Total communicability as a centrality measure

TL;DR

This paper introduces total communicability as a rapid and natural node centrality measure based on the exponential of the adjacency matrix, and compares it with existing measures through extensive numerical studies.

Contribution

It proposes total communicability as a new centrality measure and demonstrates its computational efficiency and effectiveness compared to subgraph and Katz centralities.

Findings

Total communicability can be computed rapidly even for large networks.

It provides a natural ranking of nodes based on their communicability.

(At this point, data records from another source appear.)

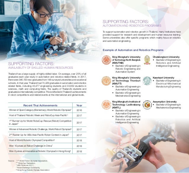 Regarding the form of training most of the companies prefer to send their employees to seminars at training centres in universities during non-working hours as well as to. The size of Thailands shipments of industrial robots is estimated to increase by 133 per cent from 2131 units in 2013 to 7500 units in 2018 according to Duangjai Asawachintachit Secretary General of Thailand Board of Investment BOI. By transforming learning ecosystem to purposeful learning generative learning mindful learning and result-based learning.
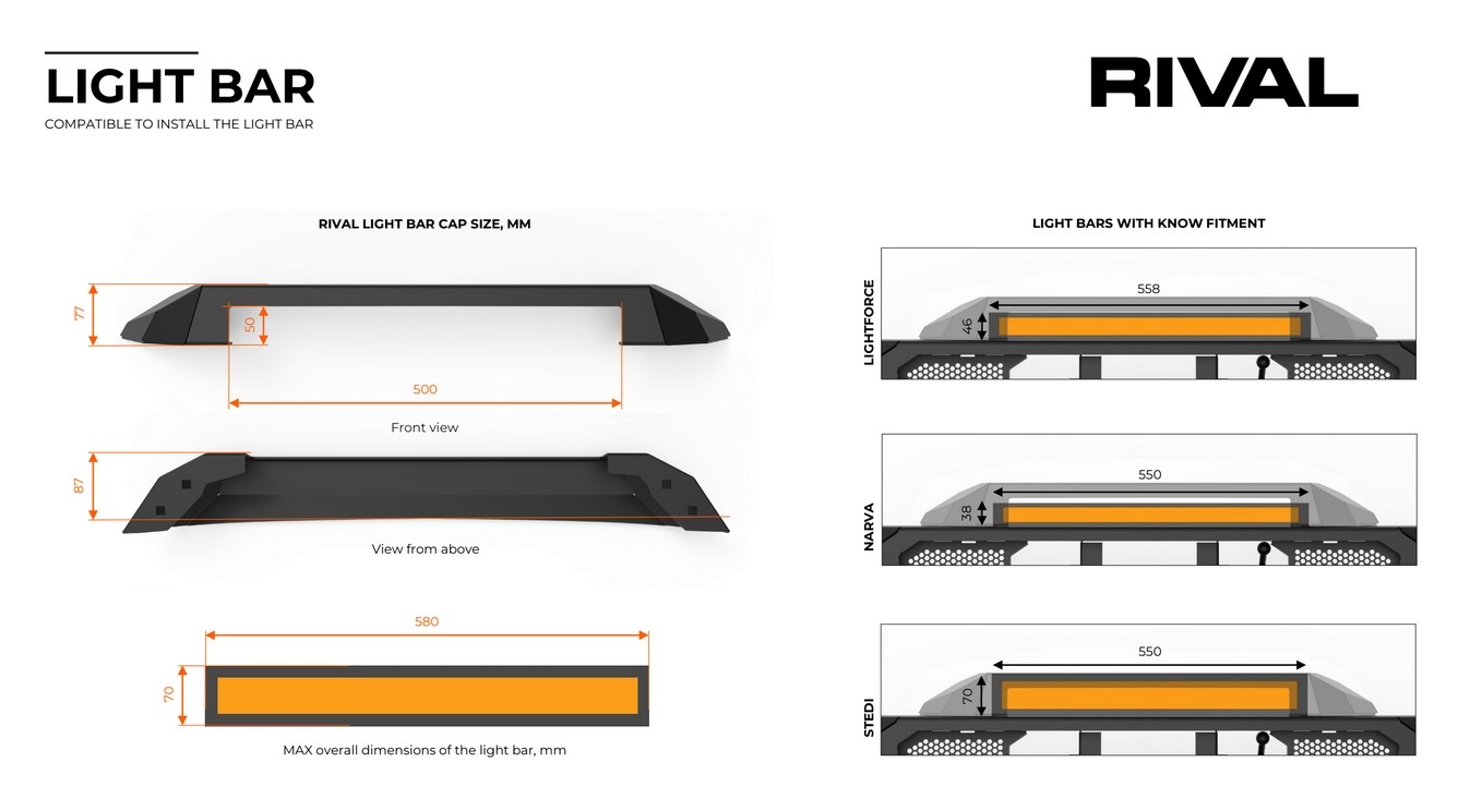 Il est bien sûr possible d'y installer un treuil (10T max) et un emplacement est déjà prévu pour une barre led (non fournie) jusqu'à 22". Deux feux LED RIVAL sont inclus dans ce pack permettant une meilleure vision nocturne ou par temps de brouillard.
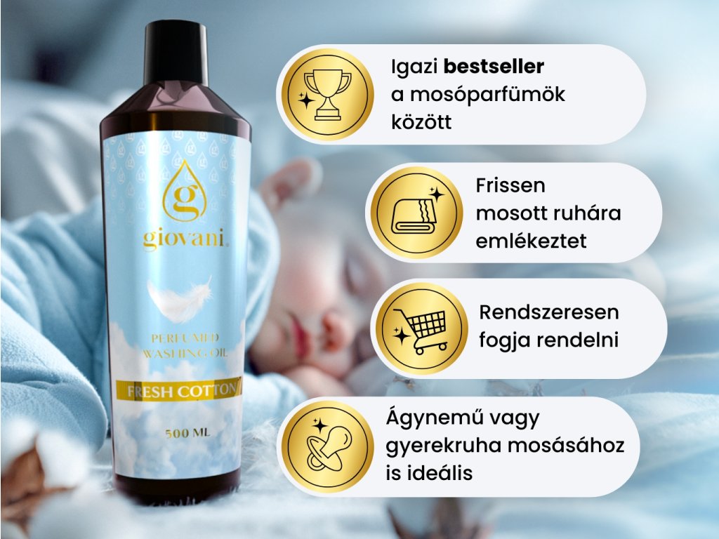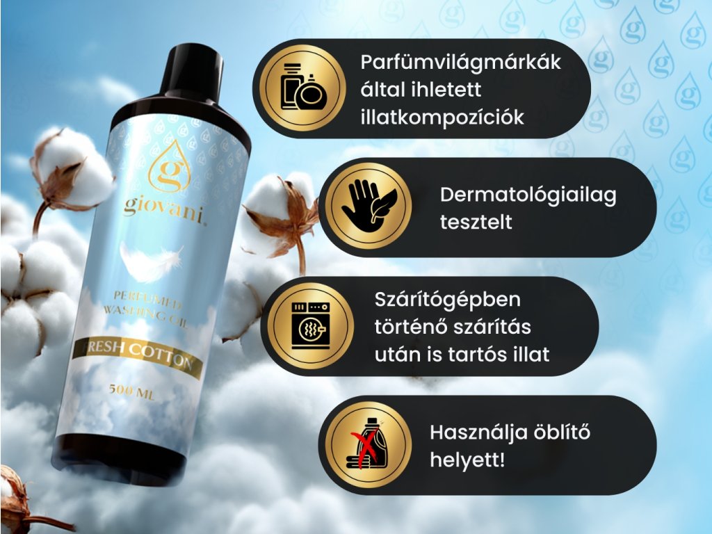 A Giovani® Fresh Cotton mosóolaj illatesszenciái sajátos karakterrel rendelkeznek. Az édes-friss gyöngyvirág a tavasz érzését hozza el otthonába. Az ibolya tiszta és friss illatot kölcsönöz a ruháinak. Az elegáns jázmin a rózsával együtt luxusos és kifinomult érintéssel varázsolja el Önt. Az illat szíve meleg tonkababbal és édes marcipánnal gazdagodik. A krémes vanília, a pézsma és az egzotikus labdanum teszi teljessé az illatot.
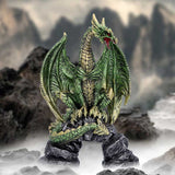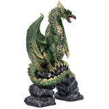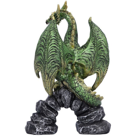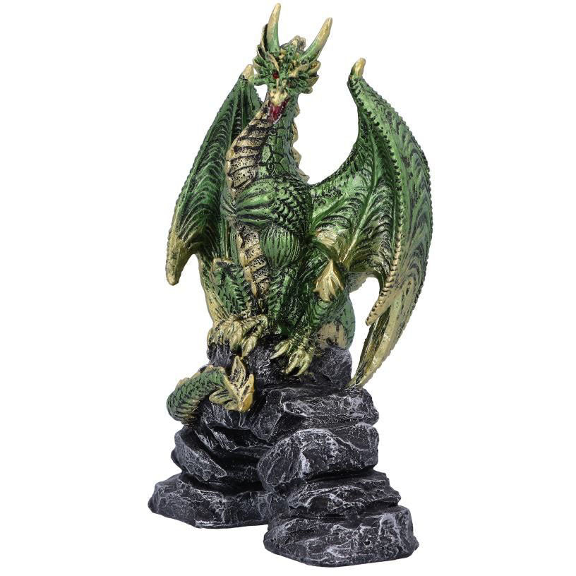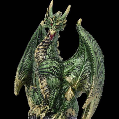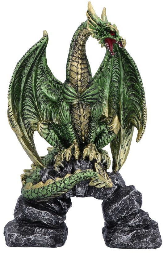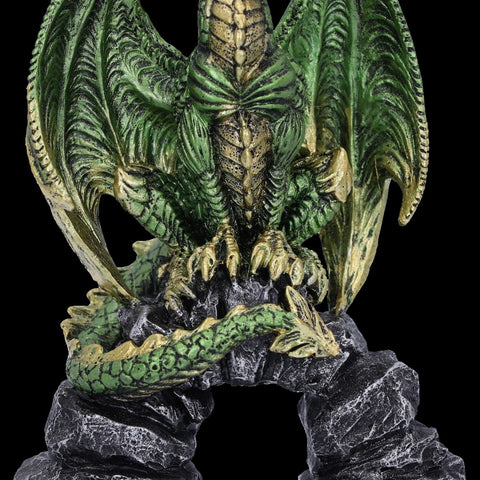 A metallic green dragon with gold accents on its claws, wings, and horns can be seen perched on top of an arch of rocks. With piercing red eyes and a menacing look, it prepares to let out its first fearsome roar to make itself known to all other creatures nearby. Cast in the finest resin before being carefully hand-painted.

Numerical studies show its effectiveness on synthetic and real-world networks.

Abstract

We examine a node centrality measure based on the notion of total communicability, defined in terms of the row sums of the exponential of the adjacency matrix of the network. We argue that this is a natural metric for ranking nodes in a network, and we point out that it can be computed very rapidly even in the case of large networks. Furthermore, we propose the total sum of node communicabilities as a useful measure of network connectivity. Extensive numerical studies are conducted in order to compare this centrality measure with the closely related ones of subgraph centrality [E. Estrada and J. A. Rodriguez-Velazquez, Phys. Rev. E, 71 (2005), 056103] and Katz centrality [L. Katz, Psychometrica, 18 (1953), pp. 39-43]. Both synthetic and real-world networks are used in the computations.